Надев темные очки, он следил, как она встает на край прыжковой доски, как втягивает внутрь живот под резко проступившими ребрами, готовясь сорваться стрелой в янтарь бассейна. Мысленно спросил себя, в виде сноски, как бы просто так, — если темные очки, да и прочие приспособления для глаз, несомненно, искажают наше представление о «пространстве», не влияют ли они также и на манеру нашей речи. Две ладненькие девчушки, их нянька, похотливый водяной, плавательных дел мастер — все смотрели туда же, куда и Ван.

— А вот и второй комплимент! — сказал Ван, когда Люсетт вернулась к нему. — Ты — божественная прыгунья. Я, например, вхожу в воду с неуклюжим всплеском.

— Но ты быстрей плаваешь! — посетовала Люсетт, спуская бретели и ложась на живот. — Между прочим (by the way), правда ли, что моряков при жизни этого Тобакофф не учили плавать, чтоб смерть стала менее мучительной, если корабль идет ко дну?

— Возможно, простых моряков — нет, — сказал Ван. — Когда же сам мичман Тобакофф пережил крушение у Гавайя, он преспокойно плыл себе и плыл, отпугивая акул зычными старыми куплетами и всякой такой дребеденью, пока наконец его не подобрала рыбацкая лодка, — вот тебе одно из тех чудес, которое, на мой взгляд, возможно при минимальной спайке всех сопричастных.

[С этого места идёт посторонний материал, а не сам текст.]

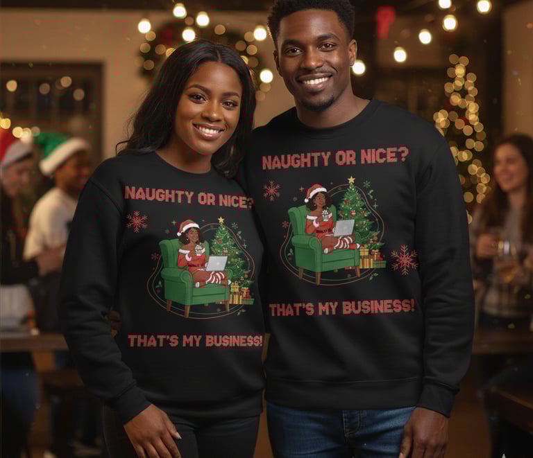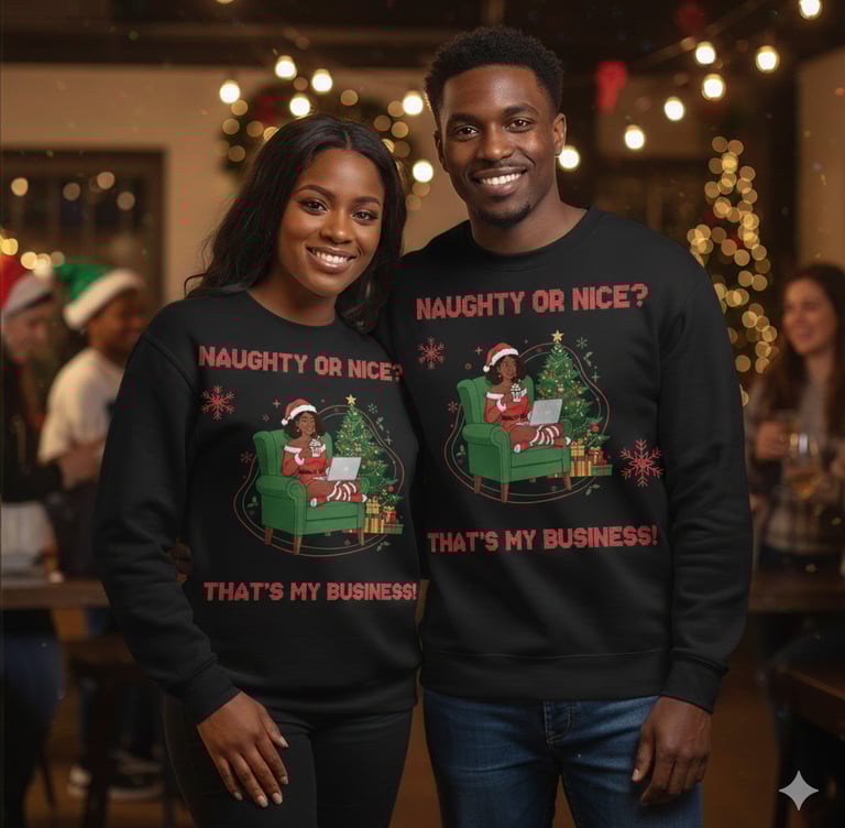 Whether it’s a holiday party, a casual day at home, or a side hustle grind, our sweatshirts are made to inspire confidence, laughter, and self-expression.

Демон, сказала Люсетт, в прошлом году во время похорон поделился, что собирается купить остров в архипелаге Гавай («неисправимый мечтатель» — процедил Ван). Он «исторг фонтан слез» в Ницце, но рыдал еще пуще на предыдущей церемонии, в Валентине, где Марина также присутствовать не могла. Венчание — если угодно, по православному обычаю — напоминало плохое, фальшивое старое кино, батюшка — кретин, а дьякон — пьян, и — к счастью, пожалуй, — за плотной белой вуалью Ады, как под вдовьим трауром, оказалось совершенно не видно ее лица. Ван сказал, что слушать этого больше не желает.

— Нет уж, послушай! — парировала Люсетт. — Хотя бы потому (if only because), что один из ее шаферов (неженатых мужчин, которые поочередно держат венец над головою невесты) своей бесстрастностью в профиль и наглыми манерами (все норовил повыше задрать тяжелый металлический венец, так высоко вздымал его атлетическим жестом, словно нарочито хотел отвести подальше от ее головы) до того был похож на тебя, будто твой бледный, дурно выбритый двойник, посланец твой Бог весть откуда.

Из местечка с прелестным названием Агония, что в Терра дель Фуэго[467]. Он ощутил ужасающий трепет, вспоминая, как, получив там приглашение на бракосочетание (отправленное воздушной почтой той самой жуткой жениховой сестрицей), несколько ночей не мог избавиться от вереницы кошмарных снов, с каждым разом становившихся все тусклее (как и воздействие фильма с нею, который он на дальнейшей стадии своей жизни все смотрел и смотрел по разным кинозалам), и ему снилось, будто держит над нею венец.

— Отец твой, — добавила Люсетт, — заплатил фотографу из «Белладонны», чтоб сделал фото, — но, разумеется, истинная слава приходит только тогда, когда имя появится в кроссворде-головоломке этого вестника кино. А такому, все мы знаем, никогда не бывать, никогда, никогда! Ну что, ненавидишь меня?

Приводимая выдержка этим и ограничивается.